======== DATA SHOWN ========

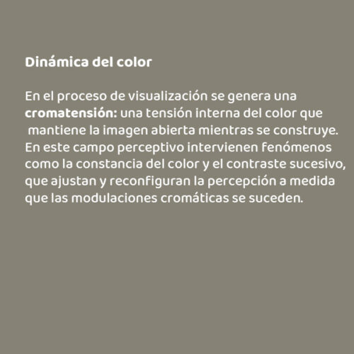 En este campo perceptivo intervienen fenómenos como la constancia del color y el contraste sucesivo, que ajustan y reconfiguran la percepción a medida que las modulaciones cromáticas se suceden.
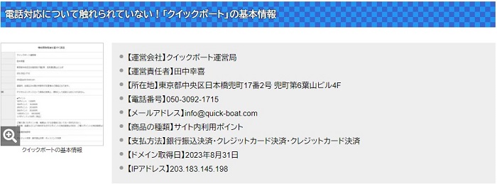 クイックボートはお客様の声など捏造部分が多く、不明点も多いなど悪質ポイントだらけのサイトでした。
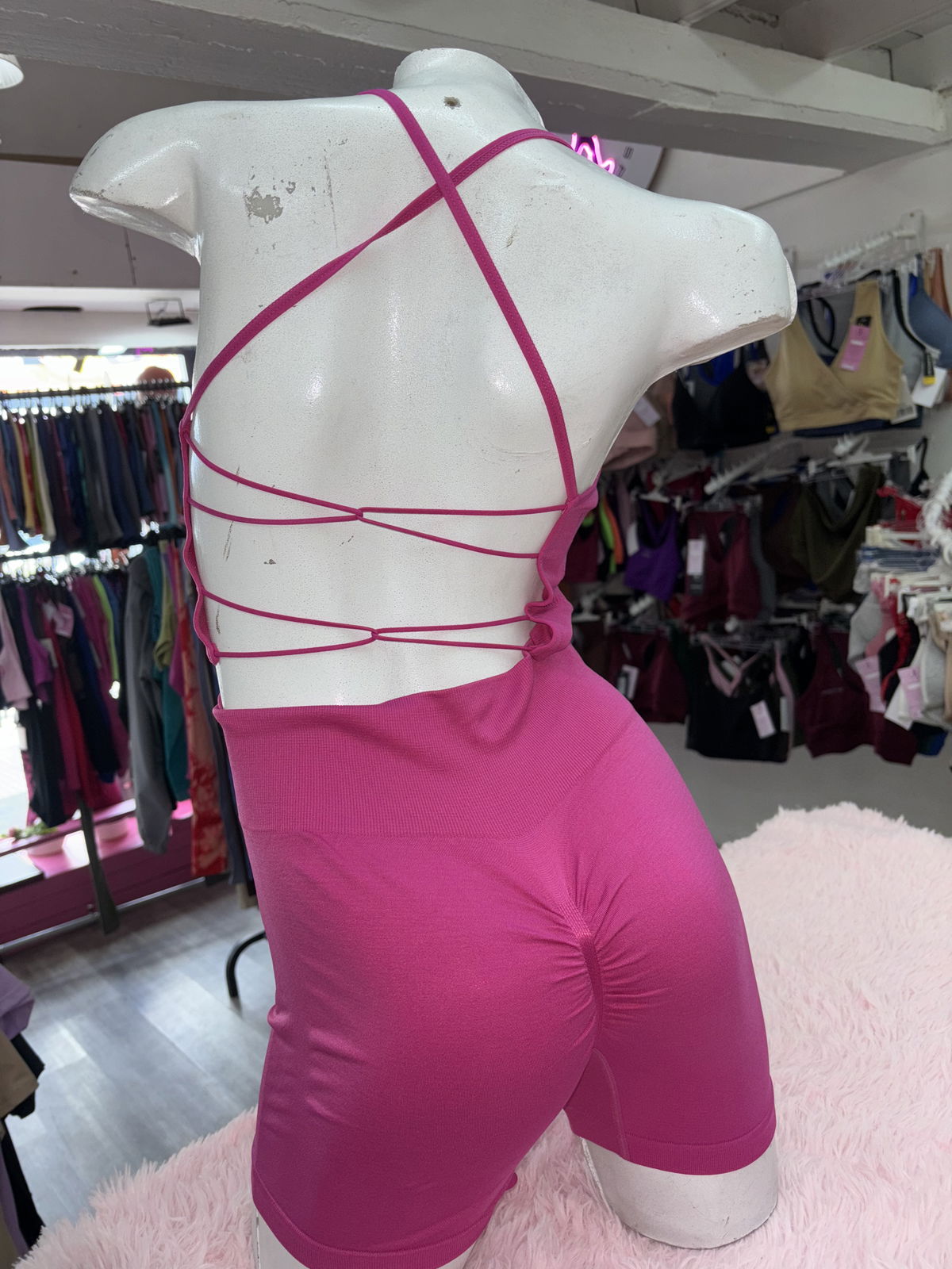 Conjunto crop top espalda cruzada + short con frunce | rosa 🌸
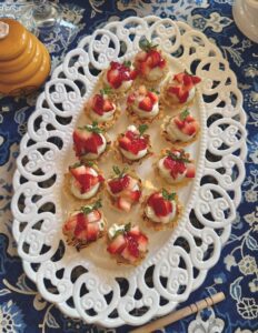 Allow both cheeses to reach room temperature. Crumble Roquefort cheese in a mixing bowl. Add cream cheese and whipping cream. Use a hand mixer to combine until creamy. Place cheese mixture in a piping bag or small plastic bag and pipe filling into phyllo shells. Top with chopped strawberries and garnish with a sprig of mint or fresh chopped basil. Drizzle with honey before serving. Makes 30 appetizers.

========

→ ABOUT THIS EXERCISE
Reproduce, exactly and with no pictures, the lines from the line containing "クイックボートはお客様の声な" through the closing line of the data above, keeping both ends.

→ COMPLETED TASK
 クイックボートはお客様の声など捏造部分が多く、不明点も多いなど悪質ポイントだらけのサイトでした。
 Conjunto crop top espalda cruzada + short con frunce | rosa 🌸
 Allow both cheeses to reach room temperature. Crumble Roquefort cheese in a mixing bowl. Add cream cheese and whipping cream. Use a hand mixer to combine until creamy. Place cheese mixture in a piping bag or small plastic bag and pipe filling into phyllo shells. Top with chopped strawberries and garnish with a sprig of mint or fresh chopped basil. Drizzle with honey before serving. Makes 30 appetizers.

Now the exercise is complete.